4. Review the NAR fact scenarios and arbitration guidelines
(Code of Ethics and Arbitration Manual) for examples of common situations which often lead to disputes. Recognize any similarities to ascertain the probable outcome in your transactions and take steps to avoid mistakes that could lead to an unfavorable result in your own situation.
5. Make sure you have been offered a commission by procuring the buyer in the first place.
This normally happens through MLS, wherein the listing broker offers cooperation and compensation to any MLS Participant who is the procuring cause of the sale. If the property isn’t listed in your MLS, then you need to obtain permission from the listing broker to show it and to ascertain whether and how much you’ll be paid if you are the procuring cause. Do this before you show it!! Get it in writing.
6. Talk to your buyers
about how commissions are generally paid. If they know that you may not be paid a commission under certain circumstances, they may be more inclined to stick with you.
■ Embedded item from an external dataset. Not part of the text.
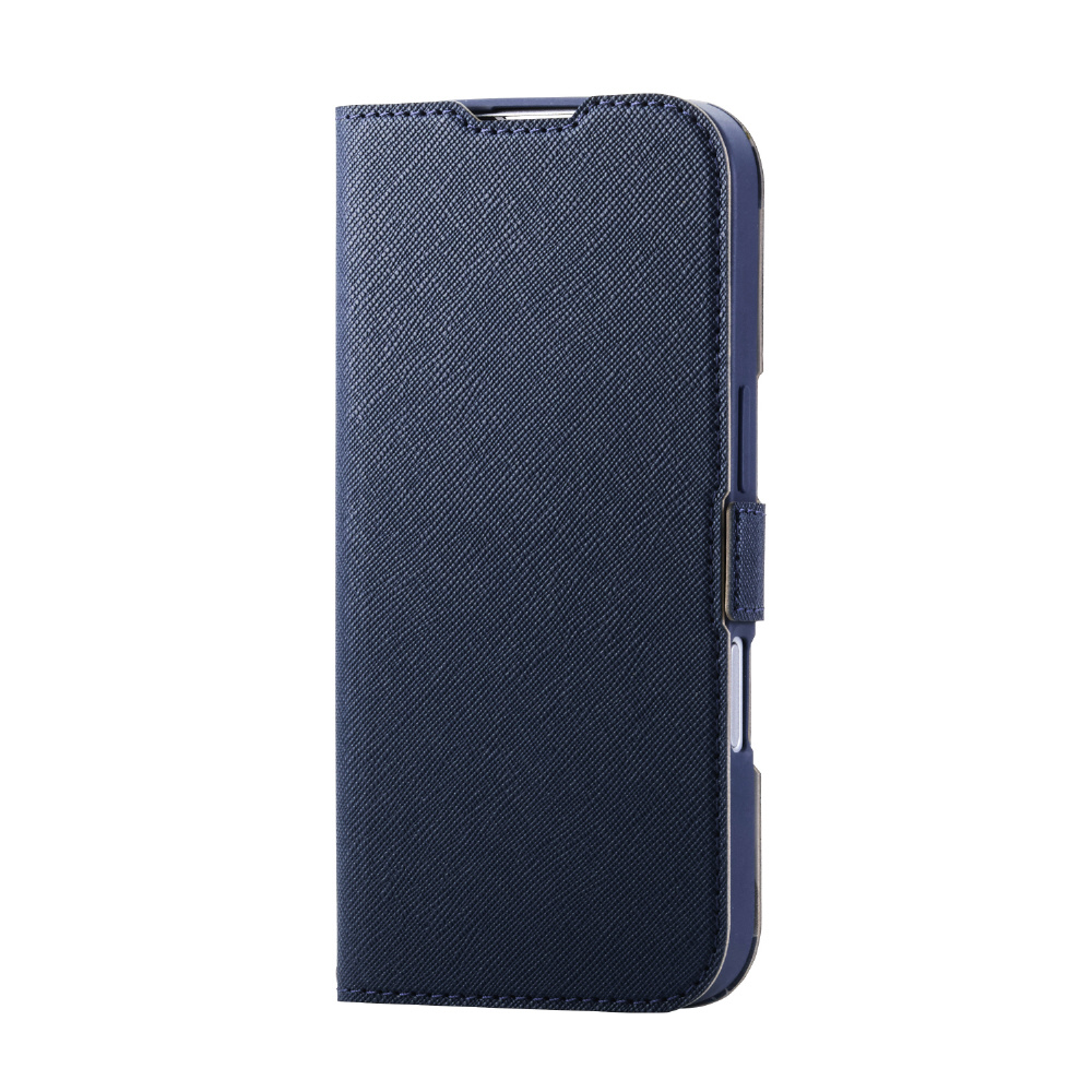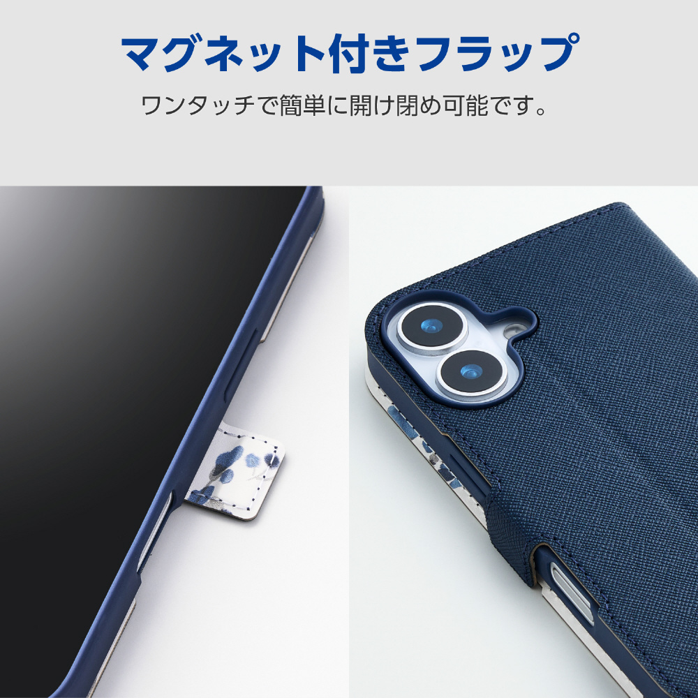 iPhone 17 ケース ソフトレザーケース 薄型 磁石付 フラワーズ ネイビー

7. Understand that your agency relationship with a buyer (whether exclusive or not) does not affect procuring cause.
Procuring cause is “property specific”, not “agent-specific.” If you think that merely because you have an agency relationship with the buyer it guarantees that you will or should be paid the cooperating compensation from the listing broker, think again. Again, you must have taken the necessary steps to be identified as the broker who was responsible for the buyer buying that property without a break in the process.
8. Encourage your buyers to enter into an exclusive buyer broker employment agreement with you.
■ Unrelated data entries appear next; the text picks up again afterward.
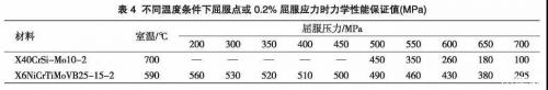 表4為X40CrSiMol0-2和X6NiCrTiMoVB25-15-2在不同溫度條件下屈服點(diǎn)或0.2%屈服應(yīng)力時(shí)的力學(xué)性能保證值,通過(guò)觀察表4可以看到X40CrSiMol0-2在室溫下屈服強(qiáng)度或0.2%屈服應(yīng)力為700MPa,在700℃時(shí)衰減為100MPa,衰減比較明顯;
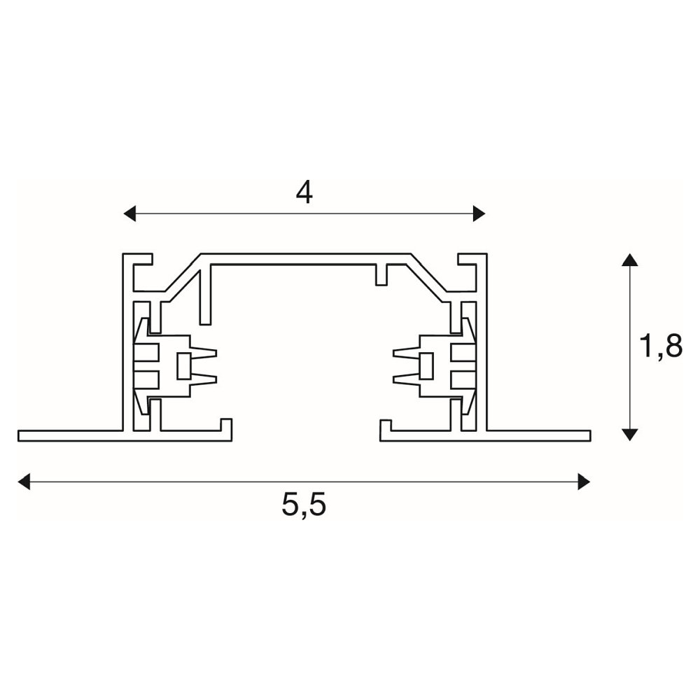 The visible track width is 5.5 cm with a height of only 0.2 cm, ensuring an unobtrusive appearance. The overall dimensions are 200 cm in length, 5.5 cm in width, and 1.8 cm in height. The maximum ceiling material thickness must not exceed 1.4 cm to guarantee optimal installation. Weighing 1.207 kg, the track is easy to handle and simple to install.
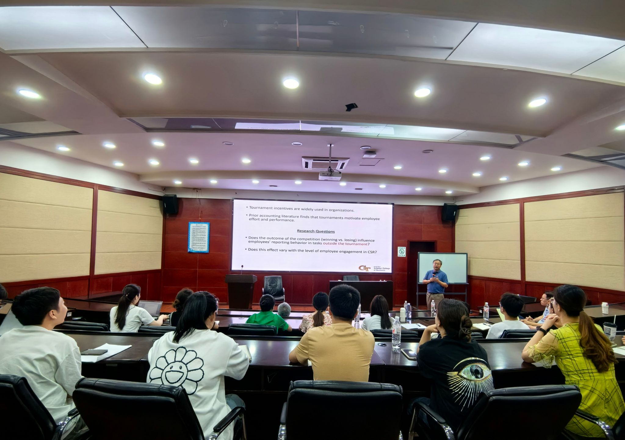 在讲座中,况熙教授介绍了最近的工作论文,采用实验研究方法探讨积极参与企业社会责任的员工在锦标赛激励环境中失败后,是否会更倾向于在管理报告中虚报绩效,以及这种倾向是否由于锦标赛失败后对自尊的影响。研究发现,更积极参与企业社会责任的员工会得到“道德许可证”,以致于当这些员工在锦标赛激励环境中失败时,更可能通过虚报业绩来找回自尊。

While this will not guarantee you to be identified as the procuring cause of a transaction, it may help your buyer to understand the benefits of working with just one agent and will give you an option to collect compensation from the buyer should you not be the procuring cause.
… with the other agents involved, your buyer, the seller, anyone who is involved in the transaction or potential transaction with regard to compensation. If you see there may be a potential problem or you have a “live” problem, get on the phone (usually to the listing agent or the other cooperating agent) and discuss the problem. Be prepared to share the commission if it appears it’s appropriate. Solve the problem before it becomes one.
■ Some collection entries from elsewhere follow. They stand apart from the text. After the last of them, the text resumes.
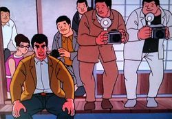一方、帰宅した一徹をカメラのフラッシュが襲う。
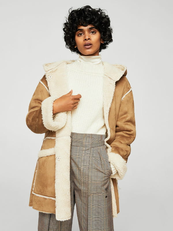 Manteau beige double face façon peau retournée au fini doux et à capuche de Mango
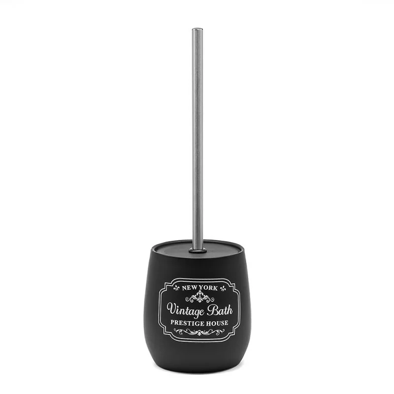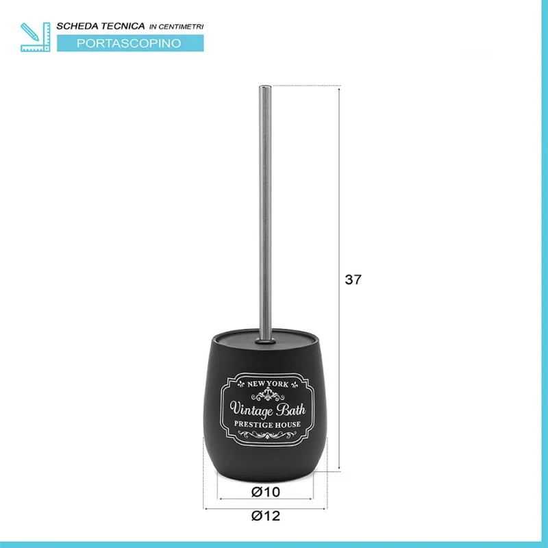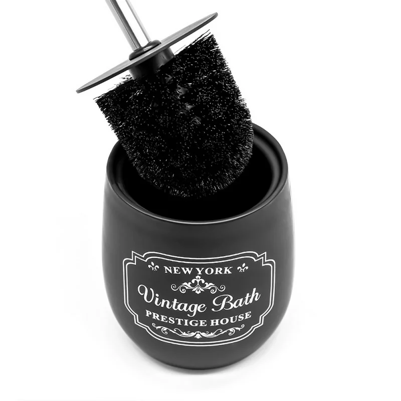 Porta scopino bagno in ceramica nera con stampe a contrasto bianche vintage Portascopino wc in ceramica nera con stampe a contrasto bianche vintage Scheda tecnica porta scopino bagno in ceramica nera con stampe a contrasto bianche vintage Porta scopino bagno in ceramica nera con scopettino wc con manico in acciaio cromo Porta scopino bagno in ceramica nera con spazzolone wc con setole nere morbide

The typical situation arises when you discover that “your” buyers have seen the property you are ready to write an offer on with another agent. You knew nothing about that showing and have followed all the “rules” about educating your buyers, etc., etc. But, your buyers go off and do something many buyers do – they don’t want to “bother” you and stop at an open house or a new home subdivision or call on a sign, JUST to see what they think of the property. They don’t think that will affect the relationship between you and them. The agent at the open house tells them all kinds of neat things about the house plus a couple of things no one else knew about. They are ready to buy and come to you to write the contract. This is the time for you to call the listing agent and say, “What can we do about this?” It won’t always prevent a future dispute, but it usually goes a long way to doing so.
If all of the suggestions above have not been successful and you find yourself involved in a formal dispute, give mediation a try before you go to a formal hearing. Mediation is a win-win method of dispute resolution. You may not get everything you think you’re entitled to, but you may get more than you might receive through the hearing process. And, most importantly, you have resolved the dispute relatively amicably as opposed to the more adversarial arbitration option. You have a definite voice in a mediation resolution whereas in arbitration, you have none.
If the mediation results in a resolution, you will share the commission; if you lose in an arbitration hearing, you get nothing. And, if you don’t like how a mediation conference is progressing, you can stop and go on to arbitration. Mediation doesn’t result in a binding resolution unless EVERYONE agrees.